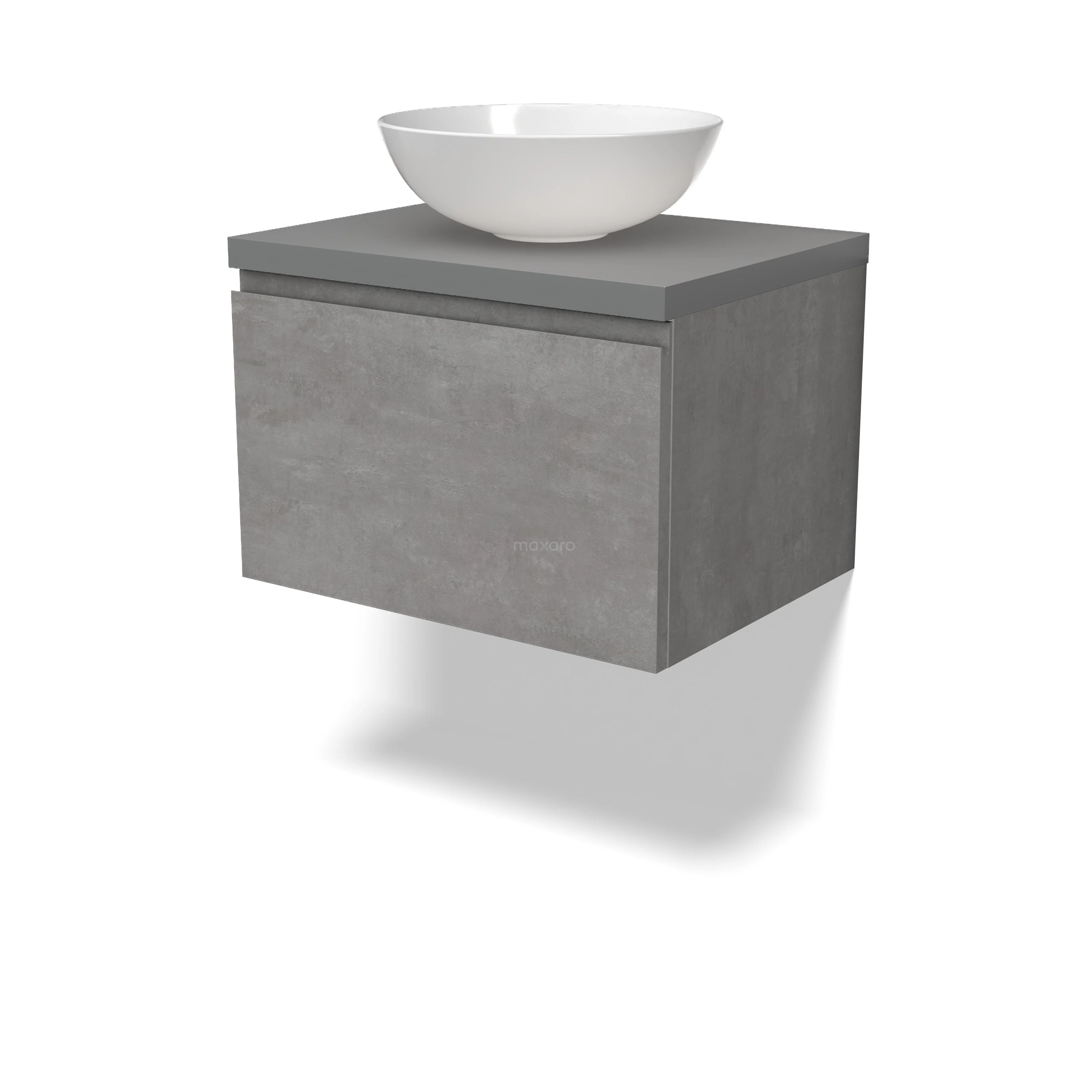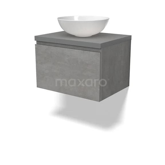 Modulo Plato Badmöbel mit Aufsatzwaschbecken | 60 cm Hellgrauer Beton Grifflos front Mittelgrau blatt 1 Schublade
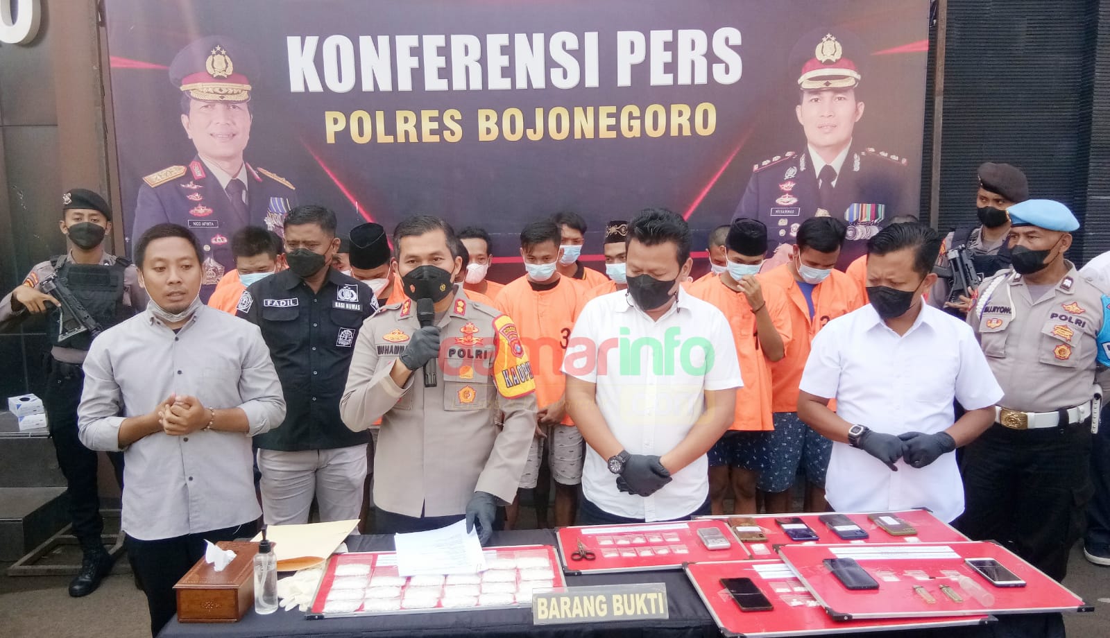 Bojonegoro, damarinfo.com – Kepolisian Resort (Polres) Bojonegoro mengamankan 15 orang dalam kasus narkotika, psikotropika, dan obat terlarang (Narkoba), di antaranya omset penjualan sabu mencapai delapan juta perminggunya.
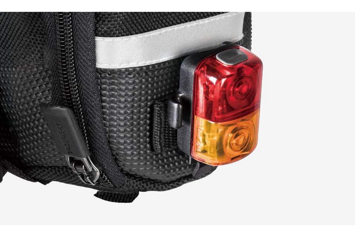 En las versiones mediana y grande, el espacio cubierto por la cremallera esconde un pliegue que permite ampliar la capacidad de la bolsa. Incorpora detalles reflectantes y una correa de soporte para luz trasera.
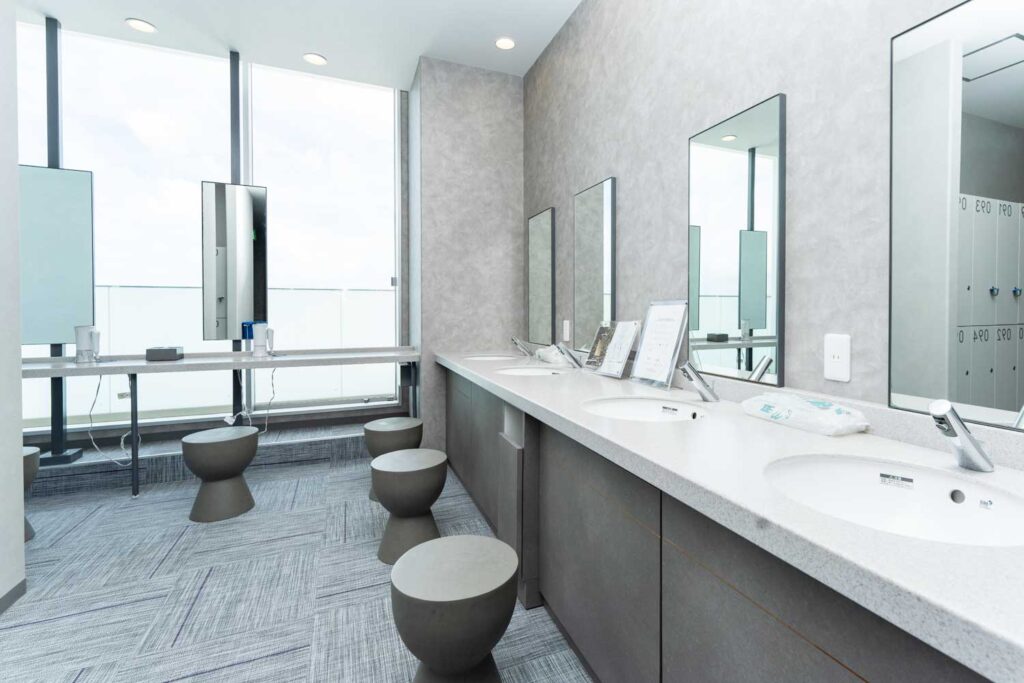 ロッカールームや脱衣所、パウダールームはどれも広めの作りになっていて、窮屈さを感じさせません。
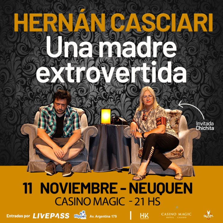 El espectáculo es desopilante y con una impronta bien real. Cuenta historias de su infancia, adolescencia y adultez que protagonizó junto a su madre “Chichita”, como le dicen. Y quienes puedan ir a la función de este jueves, en el Casino Magic, van a poder conocer en vivo a la mujer que inspira muchas de los cuentos de Hernán Casciari.
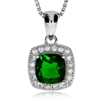 Stříbrný přívěsek se zirkony (kubická zirkonie) - Zelený čtverec
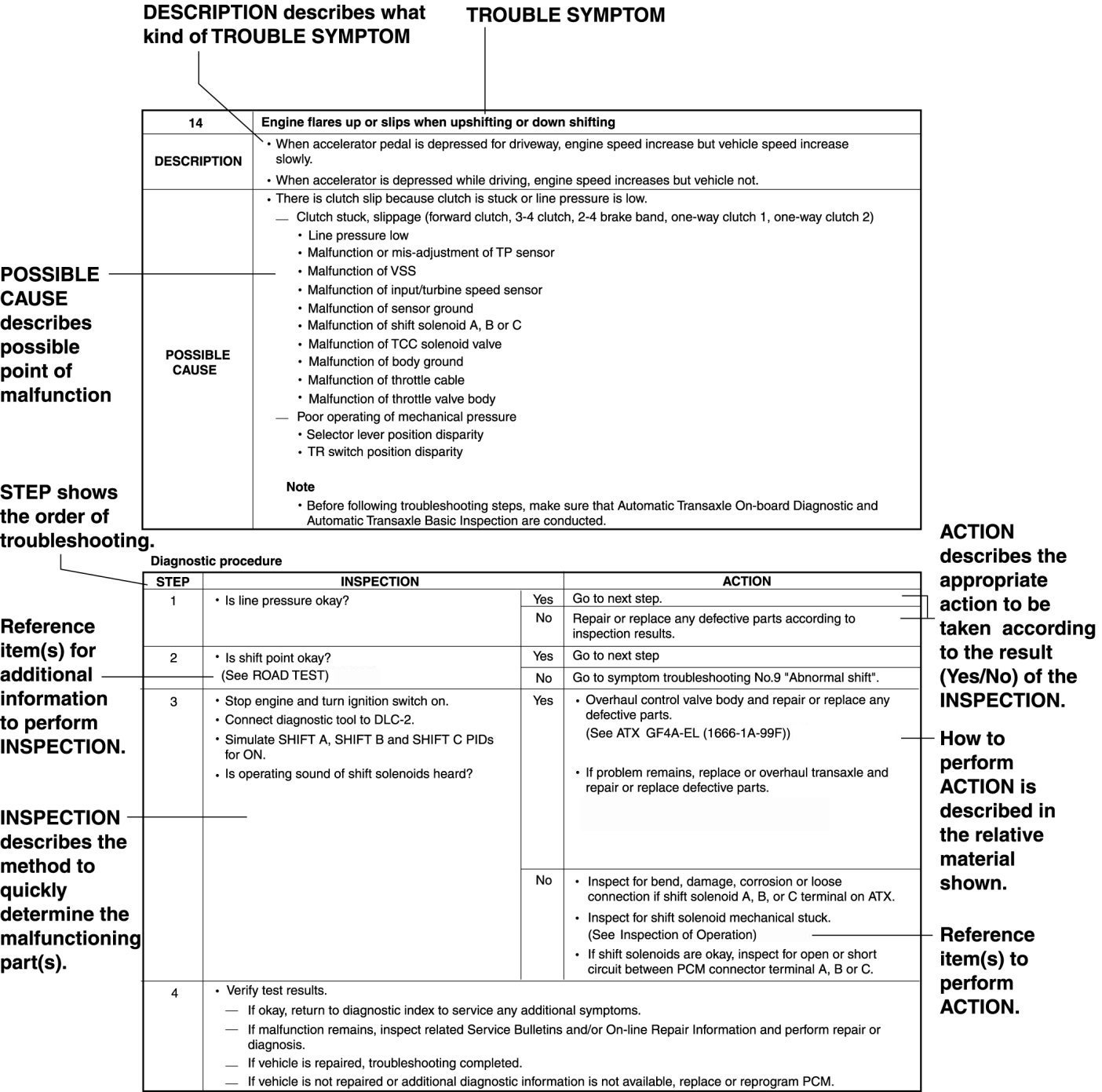 - Symptom troubleshooting shows diagnostic procedures, inspection methods, and proper action to be taken for each trouble symptom.
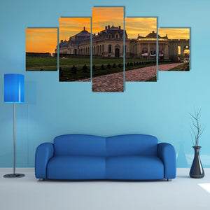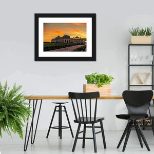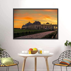Chantilly Castle Canvas Wall Art shows ornate castle architecture and a cobblestone pathway beneath a dramatic sunset sky. The photorealistic landscape uses orange and blue tones for a serene, dramatic mood that suits modern room decor.
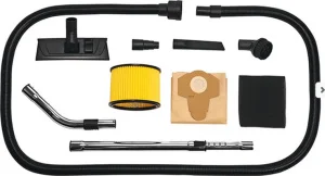 Источником питания служит однофазная электросеть. Сетевой кабель длиной 5 м и всасывающий гибкий шланг длиной 3 м позволяют даже без применения удлинителей убрать значительную площадь. Кроме этого, из важных преимуществ пылесоса стоит отметить следующие:
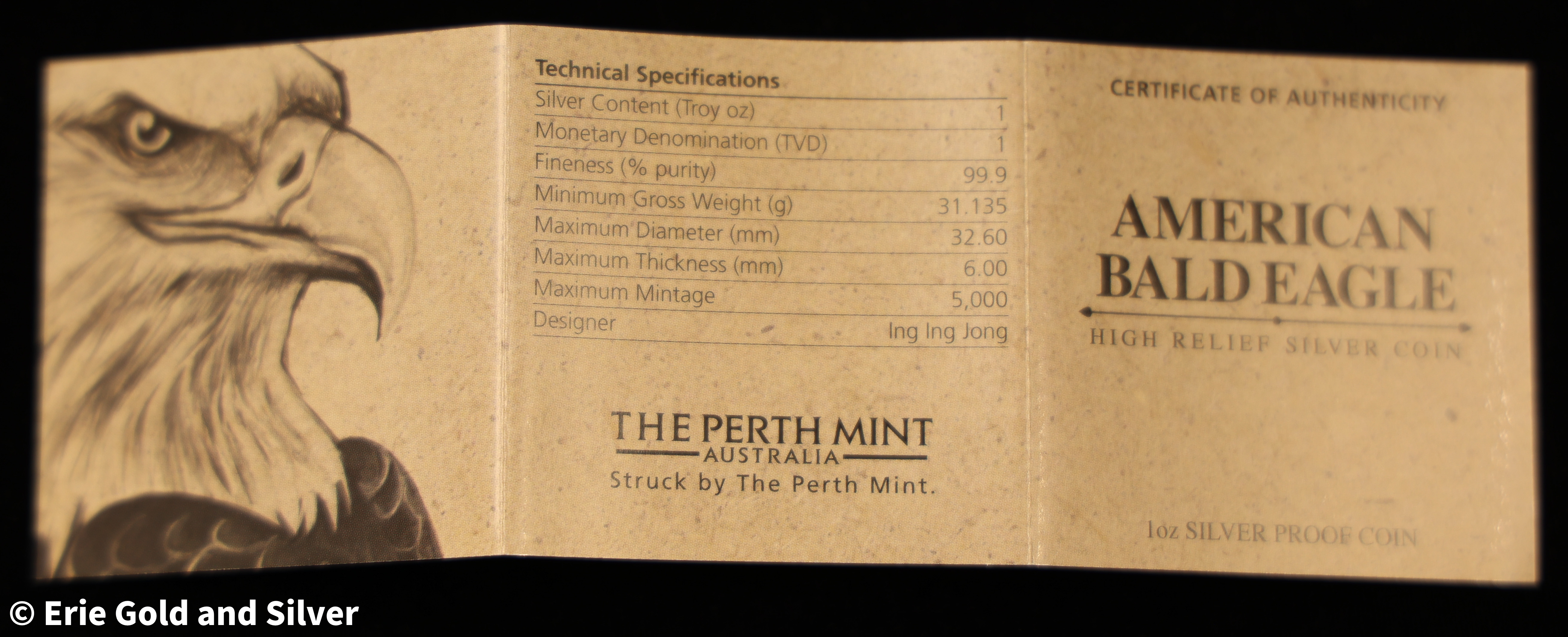 2014 $1 Tuvalu American Bald Eagle 1 oz Silver High Relief Coin in OGP

************

* **Task description**: Quote word for word only the lines above from the one containing "ロッカールームや脱衣所、パウ" through the one containing "- Symptom troubleshooting". Pictures stay out of your copy.

* **Answer box**:
 ロッカールームや脱衣所、パウダールームはどれも広めの作りになっていて、窮屈さを感じさせません。
 El espectáculo es desopilante y con una impronta bien real. Cuenta historias de su infancia, adolescencia y adultez que protagonizó junto a su madre “Chichita”, como le dicen. Y quienes puedan ir a la función de este jueves, en el Casino Magic, van a poder conocer en vivo a la mujer que inspira muchas de los cuentos de Hernán Casciari.
 Stříbrný přívěsek se zirkony (kubická zirkonie) - Zelený čtverec
 - Symptom troubleshooting shows diagnostic procedures, inspection methods, and proper action to be taken for each trouble symptom.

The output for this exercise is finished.